Cross correlation of multiple sequences avoiding for loop

3k views Asked by At

Reading this and having tried np.correlate and cv2.matchTemplate I still have a question that I don't seem to be able to solve.

I've got two numpy arrays each with the shape (6000,50). 6000 sequences with each 50 values. Now I would like to do a cross-correlation of two 1-dimensional sequences of this array to detect the timeshift. I tried openCV briefly, but for me this returns a single number (I expect the highest correlation), so now I use numpy.correlate like this:

np.correlate(x[2500], y[2500], mode='same')

(In the cross-correlation plot I'm not looking for the highest peak, but I'm looking for the first peak using this. See plot for an example)

enter image description here

As you might expect, I would like to do this for all 6000 sequences, but hoping to avoid iteration. I was hoping this would work:

np.correlate(x, y, mode='same')

But this gives me the following error: ValueError: object too deep for desired array.

Is there any change that this is possible with NumPy or OpenCV. Or will i have to do it like this :(

for i in range(x.shape[0]):
    np.correlate(x[i], y[i], mode='same')
1

There are 1 answers

3
Jaime On BEST ANSWER

scipy.ndimage.correlate1d seemed like what you are after, but it only broadcasts on the first array, the second has to be strictly 1D, so no luck there. And the functions in scipy.signal do multi-dimensional correlation, not 1D like you are after. So there doesn't seem to be anything in the stack that solves your problem.
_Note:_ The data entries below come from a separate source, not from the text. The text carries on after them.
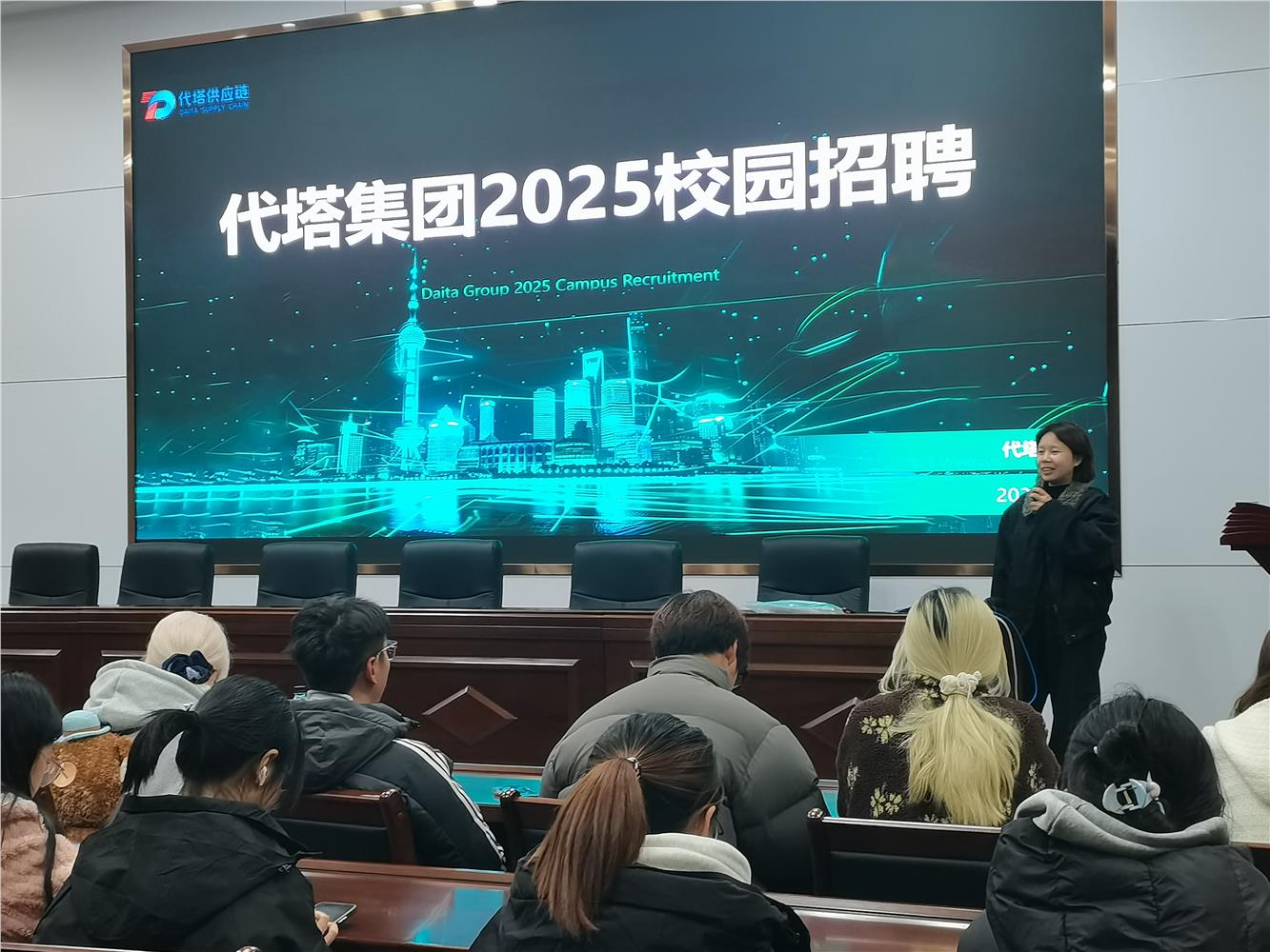 为拓宽毕业生就业渠道,搭建员工与优质企业间的沟通桥梁11月19日晚,金华代塔供应链管理有限公司在公司雪峰报告厅成功举办了校园招聘宣讲会。本次宣讲会吸引了公司众多应届毕业生的积极参与,现场气氛热烈,互动频繁。
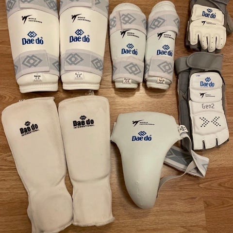 Taekwondo-utrustning för barn (komplett), 10-12 år, från Budo Nord. Pris för allt 1 000kr.
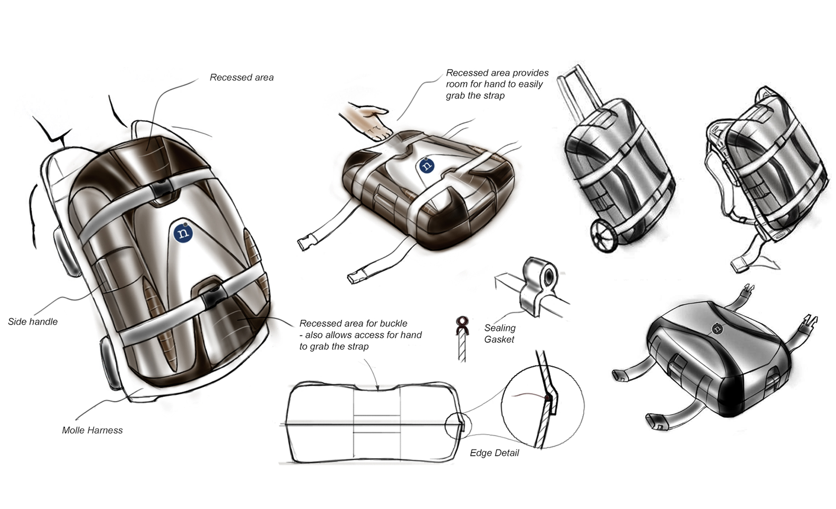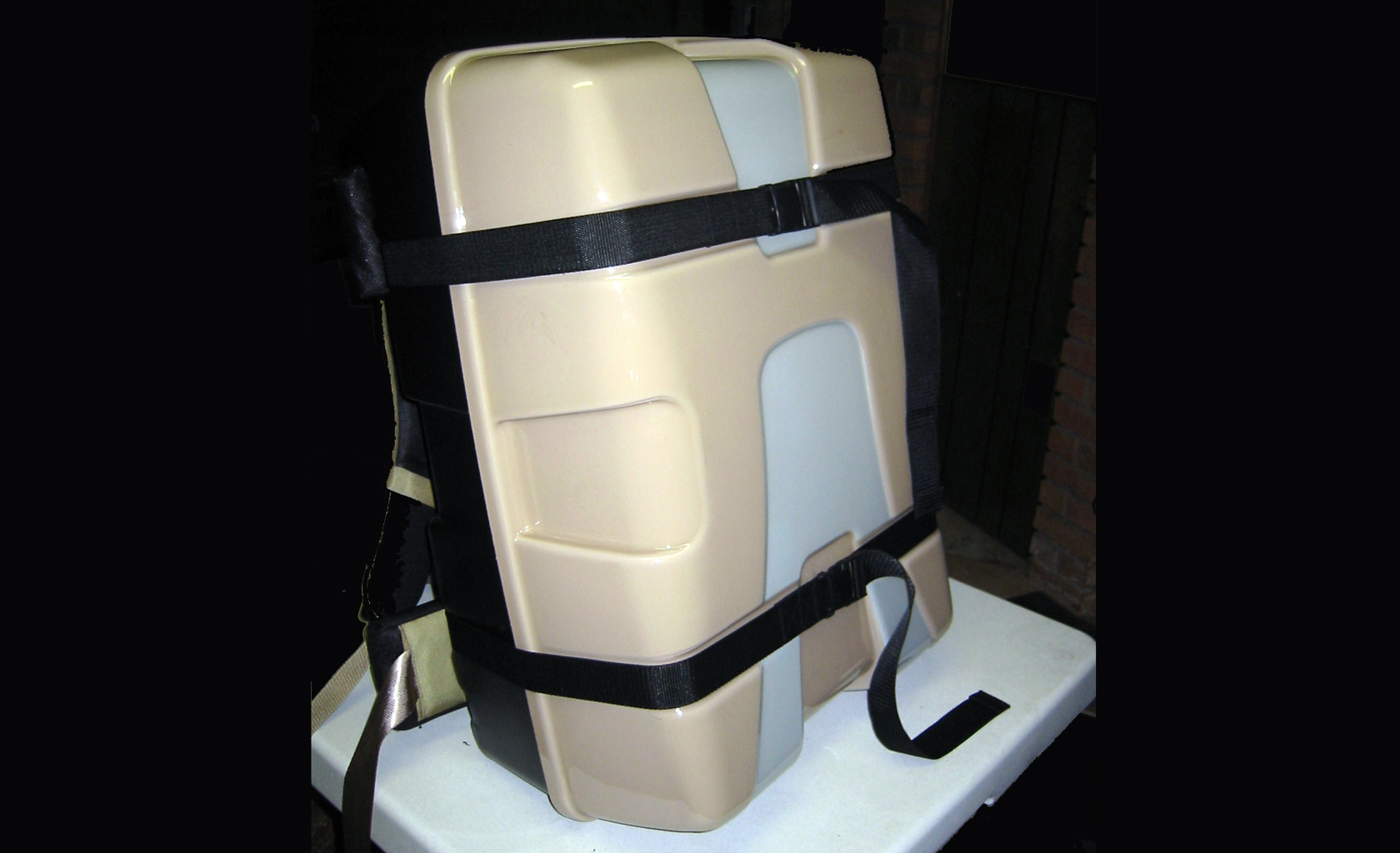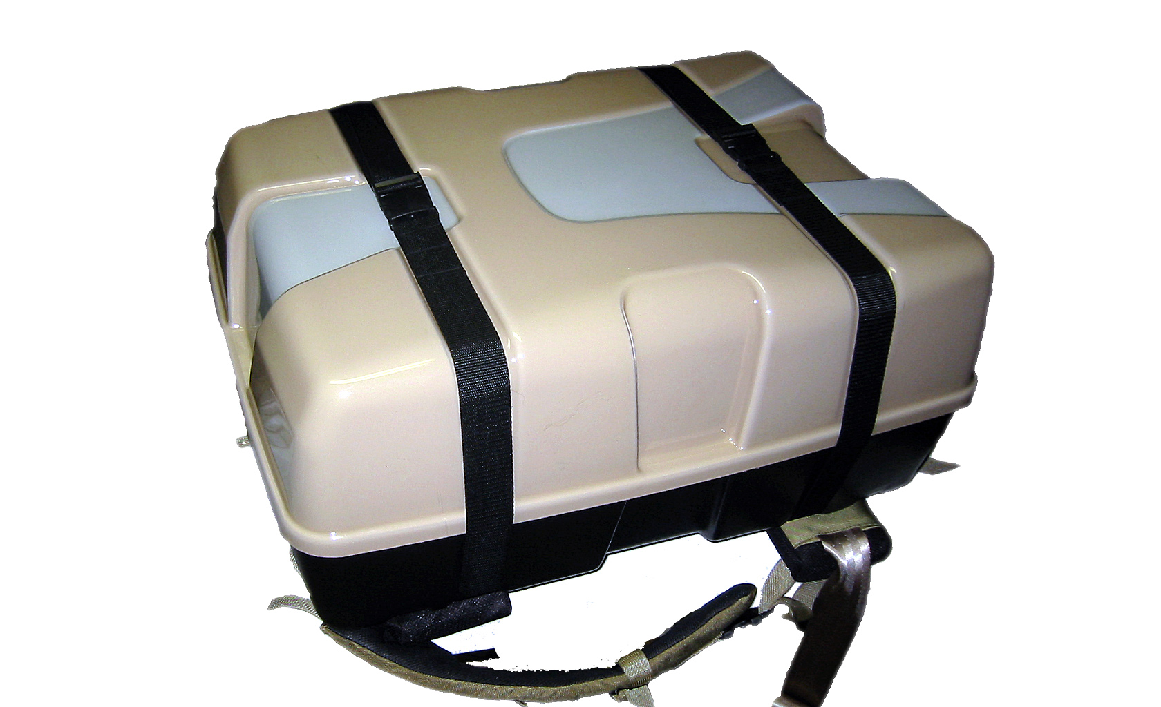 Ultra light, waterproof packaging solution for portable satellite communication and military electronics packaging solution, used for human transport alone or in combination with military Molle harness, Vibration and 40 G impact resistant, IP 67, floating, stackable, design and tooling executed in extremely short time.

Just for the fun of it, you could always do this with FFTs and the cross-correlation theorem:

def correlate1(a, b):
    c = np.empty_like(a)
    for j in range(len(a)):
        c[j] = np.correlate(a[j], b[j], 'same')
    return c

def correlate2(a, b):
    n = a.shape[-1]
    a_fft = np.fft.fft(a, n=2*n)
    b_fft = np.fft.fft(b, n=2*n)
    cc = np.fft.ifft(a_fft * b_fft.conj()).real
    return np.concatenate((cc[..., -n//2:], cc[..., :(n-1)//2 + 1]), axis=-1)

With your use case this isn't a great idea:

In [11]: a = np.random.rand(6000, 50)
    ...: b = np.random.rand(6000, 50)
    ...: 

In [12]: np.allclose(correlate1(a, b), correlate2(a, b))
Out[12]: True

In [13]: %timeit correlate1(a, b)
10 loops, best of 3: 37.5 ms per loop

In [14]: %timeit correlate2(a, b)
10 loops, best of 3: 71.8 ms per loop

But the approach does have its merits, mostly for larger sequences:

In [15]: a = np.random.rand(50, 6000)
    ...: b = np.random.rand(50, 6000)
    ...: 

In [16]: %timeit correlate1(a, b)
1 loops, best of 3: 516 ms per loop

In [17]: %timeit correlate2(a, b)
10 loops, best of 3: 89.2 ms per loop